I investigated what happened here and it turns out, Allete saw what happened at the hearing and worked extremely hard to bring supporters out when the zoning officials’ decision came before the full Morton County commission. They brought with them a bevy of landowners with a future Longspur turbine sited on their property to speak, so many that it severely outnumbered the opposition. One after another, residents spoke out against the anti-wind naysayers, a phenomenon I rarely see in fights over renewable energy projects in the United States. One resident called the wind turbines “a windfall” that was ensuring their family’s “retirement plans.” Another compared it to neighbors denying a farm the right to build a barn.
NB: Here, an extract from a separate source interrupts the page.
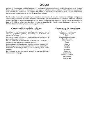 La cultura es una construcción social que tiene que ver con un espacio geográfico, político, económico y lo forman las dinámicas sociales.Las constumbres, tradiciones y conocimientos se transmiten de generación en generación. Es un producto exclusivamente humano, los animales no presentan algo que podamos llamar cultura. Es aprendida y aprehendida por los miembros del grupo social. La construyen elementos tanto materiales como inmateriales. Es diversa: no existe algo como cultura universal y única, existen muchas. Es dinámica: se transforma de acuerdo a las necesidades e interacciones del grupo.
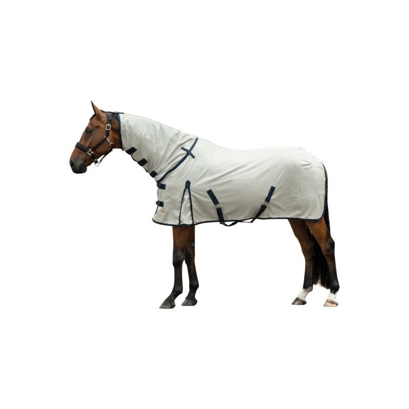 Die Fliegendecke Rain II mit abnehmbarem Halsteil bietet zuverlässigen Schutz vor Fliegen und Insekten und ist zudem stark wasserabweisend - ideal für wechselhaftes Wetter. Dank der integrierten Zwickel, elastischen Beinschnüre und Kreuzgurte bietet sie dem Pferd optimale Bewegungsfreiheit. Der Schweiflatz und der Schweifriemen bieten zusätzlichen Halt. Das Halsteil lässt sich mit Klettverschlüssen sicher am Zaumzeug oder Halfter befestigen und bei Bedarf abnehmen. Ein weiches Nylonfutter im Brustbereich verhindert Scheuerstellen. Mit hoher Reißfestigkeit und schlichtem Design verbindet diese Decke Funktionalität und Komfort.

Multiple people said if coal mining could happen in Morton County, why couldn’t wind?
“We just tried to understand, even internally. We asked, ‘Why didn’t we have more proponents speaking?’” Todd Simmons, Allete’s vice president of generation operations, told me in an interview this week about the project’s initial rejection. He said after the initial zoning rejection, the company then went door to door asking supporters to come testify. “We tried to make sure that landowners knew that you may have to show up and be more than present. We wanted a civil meeting, and we did not want an argumentative meeting, [but] they were not coached.”
Candidly, this style of outreach reminds me a lot of door-to-door campaign canvassing and a well-worn phrase in professional politics: it all comes down to turnout. And Allete treated the situation that way, telling me that the initial rejection to them was because of an absence, not conflict. “When the folks who were anti- spoke, and the rest of the crowd did not say anything, there was a belief that silence was [an] agreement by the rest,” Simmons told me.
Buckley told me that some of these supporters were actually at the zoning hearing too, but did not want to speak up because “they wouldn’t talk against their neighbor.” Out in rural communities like Morton County, “they all know each other – it’s all one neighborhood community.” In the end, the county commission felt it couldn’t deny people’s property rights, let alone invite whatever legal ramifications would arrive from denying the project in spite of the support from these property owners. “I think it had to do more with private property rights and the people that were in favor of it have property rights, same as do the people in opposition,” Simmons said.
I think there’s an important conclusion to be drawn from what happened in Morton County for any renewable energy project developer out there dealing with local opposition. Too often I watch and listen to local permitting hearings where the dissenting voices are the only ones raised. There are obvious risks for anyone in a small community who does speak up, as I’ve heard of threats against people who come out in support of a project, from anti-renewables homeowners. But it’s clear from what happened to Longspur there is strength in numbers when supporters are mobilized to speak up.
Allete told me they saw an education in the Longspur permitting process too. “It doesn’t matter where you’re building,” SImmons said. “Working with the landowners, and the public agencies…. The sooner you can help them understand what the project is actually about, the better you are.”